All that said, I could not possibly have written the story I had in my head in any less words than it is in. Or at least, not in many less - there is always room for improvement and I have already noticed my own tendency to always reach for that extra adjective. I reckon the finished product will be about 70 000 words. Whether they'll be like the ones I already have remains to be seen. My brother, who has read the first few chapters, tells me I tend to slip into 'tell, not show'. I am not certain what this means, but I shall probe him further and see what may be done.

Still, more than 40 000 words! That must count for something, right? I shall reward myself with ice cream.

Wednesday, 18 August 2010

We love it because it's not true

For me, one of the main attractions of fantasy writing has always been the simplicity. This is not to say that complex plots and well-developed characters are absent, quite the opposite. But the situations they find themselves in are always so wonderfully clear-cut.

"A shadow has appeared in the west!"
"Well, it is almost time for sunset."
"No, it is a harbringer of dark things and other bad stuff!"
"Oh. Really? You're sure?"
"Forsooth, it can only be so. It hides behind spiky mountains!"
"Spiky mountains?! Not on my watch. Gather the good-looking troops!"

I for one love situations where the enemy is clear and obvious and the good guys and gals can meet them in righteous battle. I think part of the attraction is that this almost never happens in the real world. You might suspect that the bank you have your money with is investing in dodgy arms trading, or have some inkling that those 5-pairs-for-a-pound socks aren't quite on the right side of the ethical line, but there is little opportunity to go out and raise arms to smite the evil.
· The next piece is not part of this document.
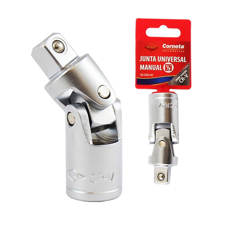 JUNTA UNIVERSAL MANUAL1/2” - Dimensões da Peça: 7,5 x 2,3 x 2,3cm - Dimensões da Embalagem: 4,5 x 2,3 x 14cm- - Dimensões Inner: 16 x 15,6 x 7,5cm - Dimensões Master: 32,2 x 17,5 x 16cm- Material: Aço Cromo Vanádio - Cor: Prata- Tipo de Embalagem: Suporte- Marca: Corneta- Origem: Fabricado na China sob supervisão técnica Corneta Ferramenta do Brasil- Contém: 1 Unidade- Características:

It would be so much easier if, in the real world, the bad guys always wore black. And lived in towers behind spiky mountains.

Wednesday, 11 August 2010

The fantasy begins

For years, I have had a dream. A strange dream. I wanted to sit among those giants of the literary world, those authors with long series of books, all with dramatic watercolour pictures adorning the covers, who could make up their own words with merry abandon, who could create names from sounds their cat made while it was asleep and call it a new race of people: I wanted to be a fantasy writer.

Earlier this year I woke up one day with an idea - this was what I had been waiting for! After a lifetime where the most creative thing I ever did was add pear to chocolate cake (works very well, by the way), I was finally able to put fingertips to keyboard and start my own contribution to the world of wonderful, weird world of rubbish fantasy writing.

As I write I am about halfway through writing the first novel, and I am loving it. I have no illusions: I have read too much of the good stuff (and the bad) for my ideas not to feature some derivation from my favourites. But I am told that imitation is the sincerest form of flattery and I hope it will be clear in the final text that any inadvertent similarities to characters living or imagined is purely done in love. Will that stand up in a court of law?

Here I will take a look at where my own writing attempts take me and also cast a wider look at the world of fantasy writing.